When I was at University studying for a degree and social work qualification, the term 'burnout' was often bandied about. It was used to describe a state whereby the pressures of the job got so great that the practitioner became incapacitated and in extreme cases would be in danger of suffering a nervous breakdown. It was a clearly recognised condition and occupational hazard for both social workers and probation officers. It was accepted that the work in both fields would inevitably involve becoming emotionally embroiled in clients difficulties, at the same time as it being necessary to sometimes exercise extreme degrees of control that ultimately lead to the removal of children or loss of liberty.

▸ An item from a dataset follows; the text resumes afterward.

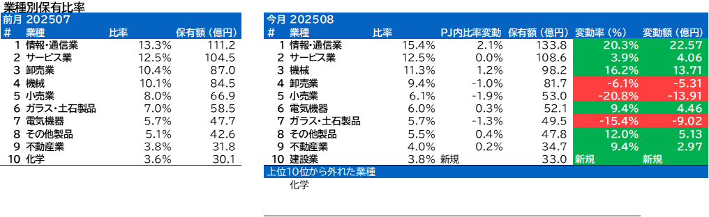 業種別保有比率に変動がありました。

Strangely I've never heard the term used since, it seemingly having been replaced by the concept of 'work-related stress' instead. The trouble is we all know that a degree of stress is necessary for a full and active life, so the term has never seemed to me to be a suitable replacement for a way of describing the completely debilitating state you get into when you cannot face work any more.

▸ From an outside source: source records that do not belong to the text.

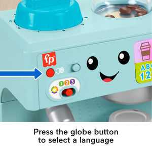 Kids can “grind” beans in the hopper, “steam” milk with the frother, and “brew” up drinks to serve their customers. And with Smart Stages technology, the learning fun grows along with your child with 3 levels of play! Use the globe button to select a language: English, German or French. Colors and decorations may vary.
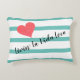 Coussin amusant avec "Livin' La Vida Loca" en écriture de script. rayures turquoises, décorées d'un corail, coeur de parties scintillant.
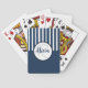 Simple, classic, and stylish, this card deck features vertical, navy blue and white stripes, with a wide, blue colour block at the bottom. A round badge holds your name and monogram. Great stocking stuffer!

It happened to me several times after 18 years trouble-free service. The first time I didn't really notice it creeping up on me, but I did notice some strange things, like driving past the motorway exit I'd used virtually every working day. Like getting home and not remembering seeing any of the traffic lights. Waking up in the middle of the night for no apparent reason. The pile of PSR's to complete never seeming to go down and the demands on my time appearing to be never ending. Then something happened. In my case it was seeing a long-standing client with intractable problems and I'd simply run out of ideas. I had no answers and unusually I found I couldn't even find the energy to actively engage him. I found myself sending him away leaving me feeling utterly desolate. All I can remember is tidying my normally very chaotic desk and leaving the office, knowing that I would not be returning the next day.
The GP was very sympathetic and understood my reasons for declining anti-depressants. I opted for counselling instead. Although I kept all eight appointments diligently, the poor counsellor must have known she had an unenviable task in trying to counsel a fellow professional. I made it as easy as possible for her and refrained from pointing out some major errors, but in the end I found it was really only the passage of time and the 'letting go' that gets you through it. I don't think I got dressed on most days and hardly ever left the house for several months.

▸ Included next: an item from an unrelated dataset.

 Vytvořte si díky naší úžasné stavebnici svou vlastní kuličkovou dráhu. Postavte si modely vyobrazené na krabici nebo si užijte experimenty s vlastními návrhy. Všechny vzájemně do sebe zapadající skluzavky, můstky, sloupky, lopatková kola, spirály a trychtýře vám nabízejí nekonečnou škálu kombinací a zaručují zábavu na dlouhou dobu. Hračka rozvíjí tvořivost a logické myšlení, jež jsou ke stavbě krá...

Until it happened to me, I hadn't really appreciated how the changes in the Probation Service were having such an insidious effect. I'd put all my energy into adjusting, coping and dealing with clients in the way I'd always done and been taught. Clearly it had simply never occurred to management either that changing the whole ethos of the Service just might possibly be damaging to some of its staff. That's been one of the saddest bits of the so-called cultural revolution within the Service really.